# Blue Crusader



## R651400

Can anyone tell me how I can get a copy of Aberdeen newspaper probably "Press & Journal" on the loss of the Blue Crusader circa '65?


----------



## gdynia

Here is there contact details

http://www.mediauk.com/newspapers/13931/the-press-and-journal


Heres abit of info from a webpage 

1965 " BLUE CRUSADER", an Aberdeen trawler was lost without trace off the Orkney Islands. Her crew of 13 were presumed drowned.


----------



## gdynia

A further bit of info

Record Number 3558
Resource Identifier flod03082006015
Vessel Name Blue Crusader
Fishing Number A251
Type of Vessel MT
Year Constructed 1958
Constructed By J. Lewis & Sons Ltd
Constructed At Aberdeen
Gross Tons 274
Length 121 ft
Beam 25.10 ft
Depth 12 ft
Construction Notes Yard No. 277
Owner / Manager Crusader Fishing Co Ltd
Date Sunk January 1965
Place Sunk Shetlands
Casualties January 1965 - Fred Baker, Thomas Slater, John Ronald, William Anderson, Arthur Duncan, William Reid, Hugh McKenzie, Alex Cruikshank, Alfred Copeland Jnr, Arthur Forman, David Stanger, Alex Grubb, Colin Kay
General Notes
The Blue Crusader sank with all her crew in a force 12 gale off North Ronaldsway in the Shetlands in January 1965.


----------



## lochluichart

Neville,

They got it wrong North Ronaldsway is in the Orkney Islands.
I remember as a kid in Aberdeen a neighbour being offered a peirhead jump on the fatal trip. He refused and was never so glad.

Bob


----------



## gdynia

Bob
Thats correct the first report says Orkney the Second Shetland but thats the Press for you.


----------



## grahamtowa

There are olso old copies of P+J on microfilm at the Central Library, Aberdeen. Makes your head spin after a while, reeling thro them!


----------



## R651400

Neville and all who have responded, sincere thanks.


----------



## captaine52

Am I correct in thinking that in 1965 a 15yr old apprentice would have been indentured to the skipper and not "signed on" the ships log. I know it's forty odd years ago but I seem to remember having to sign on separate papers....... I was on the Mount Eden (see previous post) We sailed on the same day... I can't understand why my mate Angus (the 15yr old apprentice) is not on the crew list. Also Colin Kay was not on the Blue Crusader..... he was shipped onto the Mount Eden on sailing morning as we were short handed


----------



## George Tait

No, captaine52,
the apprentice would have also signed -on the log and was not "indentured" to the skipper !.
George Tait (Skipper Ex- "Mount Eden" 1969/1977)

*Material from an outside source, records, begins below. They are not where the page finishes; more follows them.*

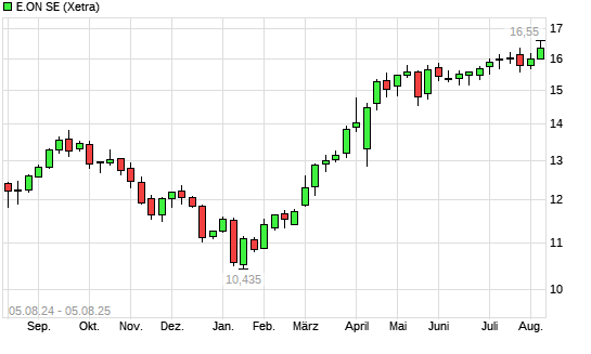Mit dem Anstieg auf 16,43 EUR hat die E.ON-Aktie (ISIN DE000ENAG999) am 04.08.2025 ein neues 10-Jahres-Hoch erreicht und damit den Kurs vom 22.07.2025 eingestellt.
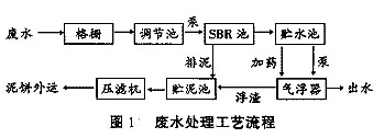 廢水的BOD5/CODcr為0.4左右,可生化性較好。傳統活性污泥法一般需設置二沉池、污泥回流設施,其用地及投資均比采用SBR法高。考慮到廢水水質的不均勻性和季節性水量差異較大、可用地面積小等因數,本工程選用工藝簡單、操作靈活的SBR工藝[2]。處理工藝流程見圖1。
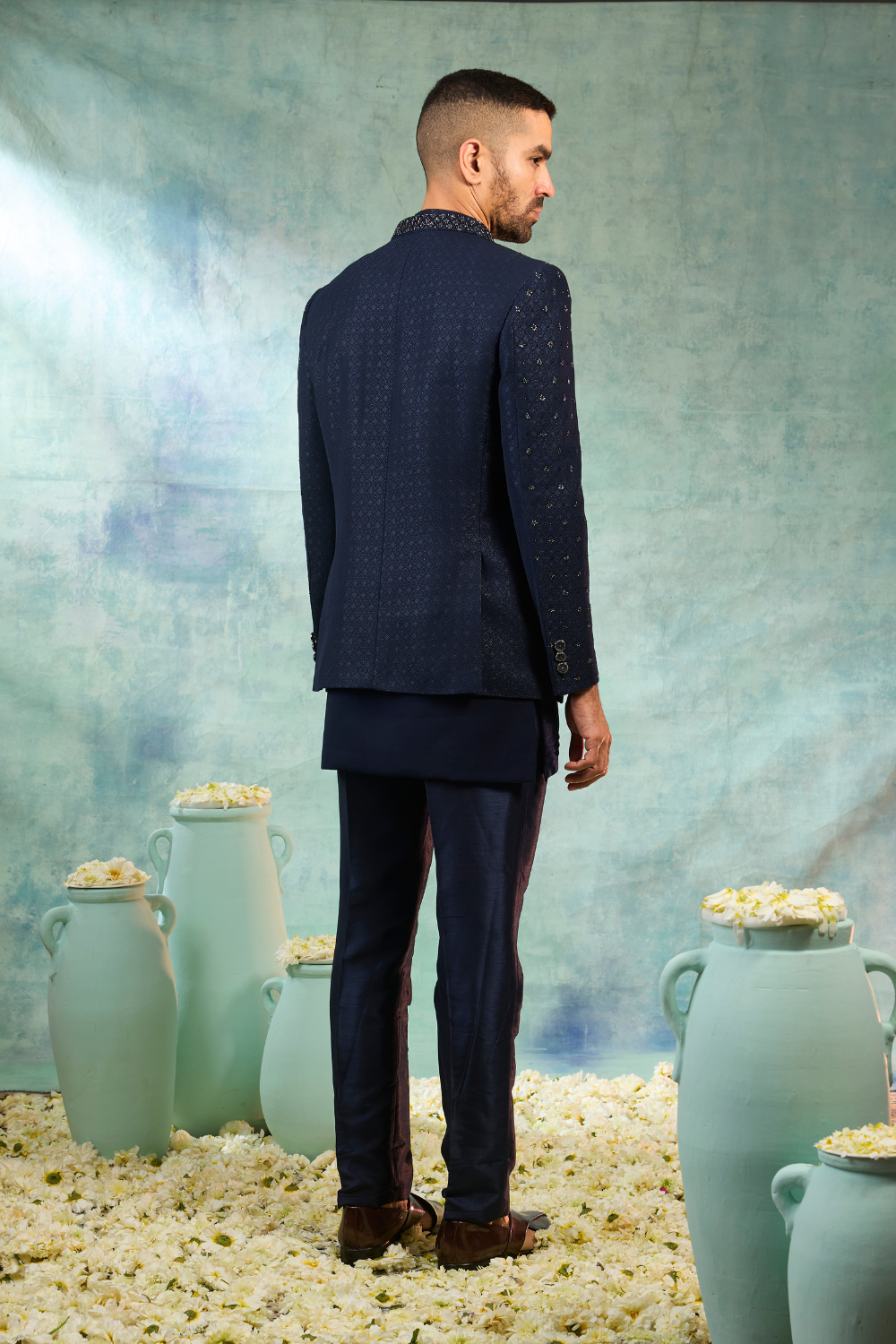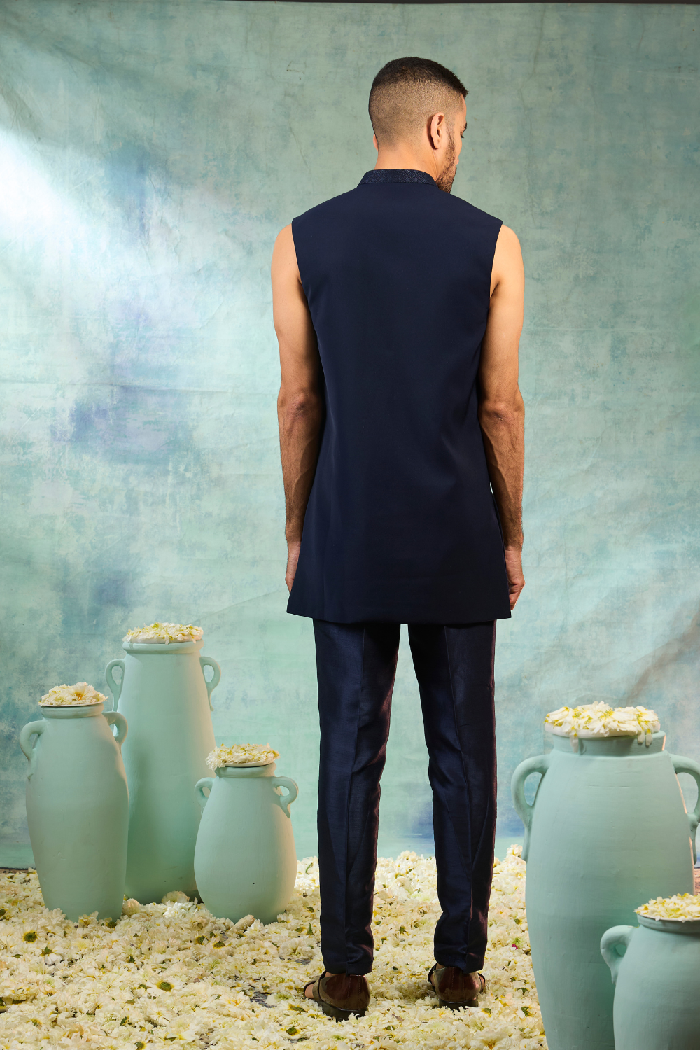Elevate your traditional look with the royal blue silk Indo-Western featuring kurta and jacket, adorned with silver hand cut dana work. Paired with matching pants for a complete look.

IE; When were you aboard "M E"? during my time, get in touch it will be 
good to speak to some of my old crew...


----------



## Karen Hughson

captaine52 said:


> Am I correct in thinking that in 1965 a 15yr old apprentice would have been indentured to the skipper and not "signed on" the ships log. I know it's forty odd years ago but I seem to remember having to sign on separate papers....... I was on the Mount Eden (see previous post) We sailed on the same day... I can't understand why my mate Angus (the 15yr old apprentice) is not on the crew list. Also Colin Kay was not on the Blue Crusader..... he was shipped onto the Mount Eden on sailing morning as we were short handed


My Uncle, Alfred Copland Jnr, was lost on the Blue Crusader (age 19).... As far as I know Colin Kay was on the Blue Crusader, I know that my Uncle Alfred was not supposed to be on the Blue Crusader, I think he was usually on the red Crusader, but he was asked to go at the last minute because they were short handed.... There was a report yesterday in the Evening Express in Aberdeen that they believe divers may have found the wreckage of the Blue Crusader off Orkney...I was just 3 months old when he was lost...my mother is understandably shocked and very emotional at this news.

Karen


----------



## basingstoke

I'm related to Sandy Grubb who was lost on the boat. I've been told that it was in the Aberdeen Citizen or Express yesterday but try as I might, I cant get a link to the story. if it appears anywhere I'd be grateful for a pointer

http://www.trawlerphotos.co.uk/gallery/showphoto.php?photo=90861


----------



## Karen Hughson

basingstoke said:


> I'm related to Sandy Grubb who was lost on the boat. I've been told that it was in the Aberdeen Citizen or Express yesterday but try as I might, I cant get a link to the story. if it appears anywhere I'd be grateful for a pointer
> 
> http://www.trawlerphotos.co.uk/gallery/showphoto.php?photo=90861


Hi there...I have given the article to my mum...I also tried to locate it on the Evening Express online...but couldnt link to it....If you can email me your email address I will borrow the clipping and scan it and email it to you...you can get me at ........ *email address removed in line with site policy.* 
Please contact each other using our Private Message facility and exchange addresses that way. (Thumb)


----------



## basingstoke

Will do Karen, thank you


----------



## john fraser

basingstoke said:


> I'm related to Sandy Grubb who was lost on the boat. I've been told that it was in the Aberdeen Citizen or Express yesterday but try as I might, I cant get a link to the story. if it appears anywhere I'd be grateful for a pointer
> 
> http://www.trawlerphotos.co.uk/gallery/showphoto.php?photo=90861


There is an article about the Blue Crusader in todays Press & Journal.
www.pressandjournal.co.uk


----------



## basingstoke

john fraser said:


> There is an article about the Blue Crusader in todays Press & Journal.
> www.pressandjournal.co.uk


Thank's John, we'll get someone to send a paper copy down, can't find a link to the story


----------



## IAINT

A wreck has been discovered off the coast of Orkney, but at this time it has not been confirmed as that of the 'Blue Crusader'. 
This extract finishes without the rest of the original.